Housing construction and rental activities contributed a combined output of 11.0 per cent of Uganda’s GDP in 2018 at US$8.46 billion, says an analysis by Centre for Affordable Housing Finance (CAHF).

In its Housing Economic Value Chain analysis, CAHF estimates that in 2018, Uganda invested almost US$ 2.1 billion in the construction of housing, while the total economic value added from residential rental services was US$ 1.1 billion.

“This relatively under-developed rental sector is due to the relatively small proportion of urban households that rent (29 per cent), as well as to the under-developed nature of the rental sector, where most rentals are provided by small-scale and household landlords,” it says.

According to CAHF’s Housing Cost Benchmarking, Kampala has the third-highest construction cost (US$58,596) after Pretoria, South Africa (US$40,199) and Lagos, Nigeria (US$52,103) on the continent.
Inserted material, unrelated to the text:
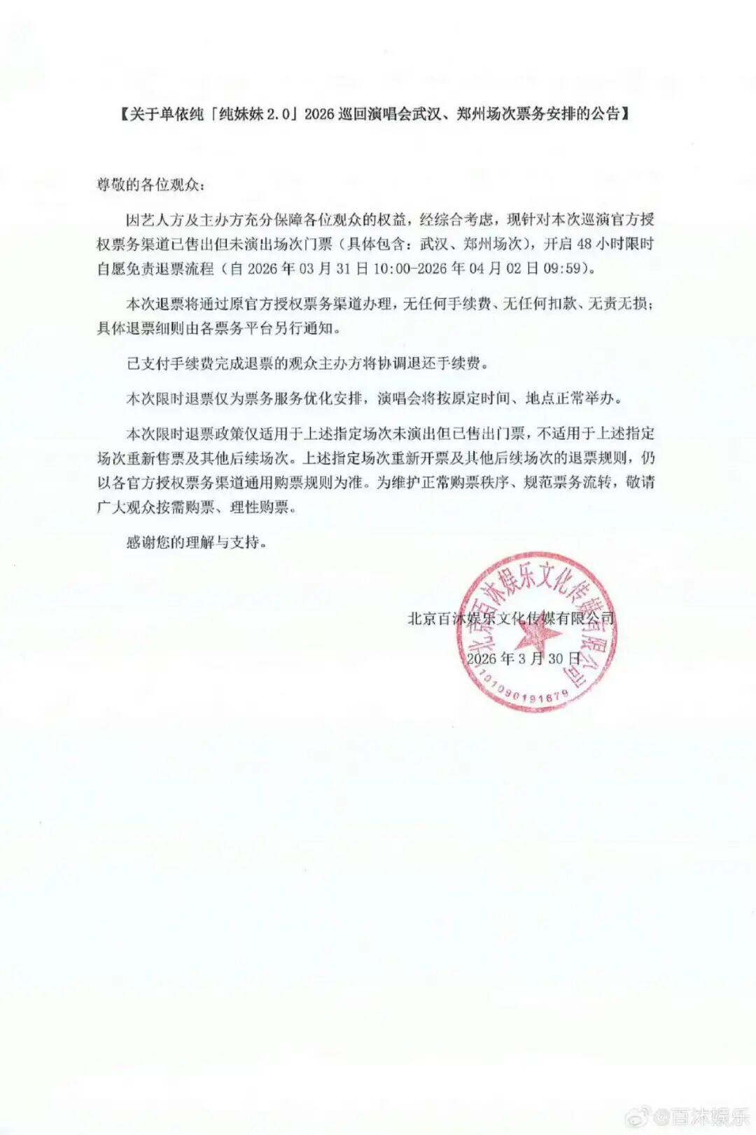 3月30日深夜,徽声在线获悉百沐娱乐正式发布票务调整公告,针对单依纯2026巡回演唱会武汉、郑州两站推出特别退票政策。公告明确指出,为最大限度保障观众权益,即日起通过官方授权渠道购买但尚未使用的武汉(4月10-12日)、郑州(4月25-26日)场次门票,可于2026年3月31日10:00至4月2日09:59期间申请无条件退票,全程免除手续费且不作任何责任追溯,该政策不影响演唱会原定演出计划。 据票务平台最新动态,大麦网已在30日晚间完成系统升级,全面开放退票通道。记者从消费者服务热线了解到,当日下午曾有观众因退票被收取532元手续费,该案例引发广泛关注后促使主办方加速政策调整。 根据巡演日程安排,单依纯"纯妹妹2.0"世界巡演武汉站将在光谷国际网球中心中央球场连演三场,郑州站则于奥体中心体育场举办双场演出。截至3月30日24时,五场演出共计8.6万张门票已全部售罄,其中武汉站VIP区票价最高达1980元仍秒罄。 这场票务风波的导火索源于3月28日爆发的版权争议。知名音乐人李荣浩通过社交媒体公开指责单依纯团队在未获授权情况下,于3月27日杭州演唱会擅自改编演唱其代表作《李白》,该事件经发酵后持续占据热搜榜前三位。 3月30日凌晨3时17分,单依纯通过工作室官方账号发布千字长文,首次承认在未取得书面授权的情况下演唱《李白》构成侵权行为,并详细说明当时因现场设备突发故障,为避免冷场临时加演该曲目。她表示:"作为新人歌手,我严重低估了版权问题的严肃性,这个错误完全在我个人,与团队和主办方无关。" 事件进展追踪:在单依纯道歉文发布两小时后,李荣浩于5时42分转发回应称:"如果真是为了钱,我早在你们第一次联系时就授权了。音乐人要守住底线,但更希望这是行业最后一次出现这种状况。"截至发稿时,该话题在微博阅读量已突破4.2亿次。 来源 | 徽声在线记者 沈昭 |

Construction costs alone are 51 per cent higher than in Pretoria, South Africa, mainly driven by high input costs. Other causes for high cost in the country include process and holding costs incurred due to delays in the development process.

In comparison, based on available statistics, the value of housing construction in Kenya in 2016 was KES 272 billion (US$2.6 billion).

The estimated value chain for housing rental in Kenya in 2016 reflects total domestic production of housing rental and associated services of KES 85.1 billion (US$838 million), making the sector ten times bigger than in Uganda.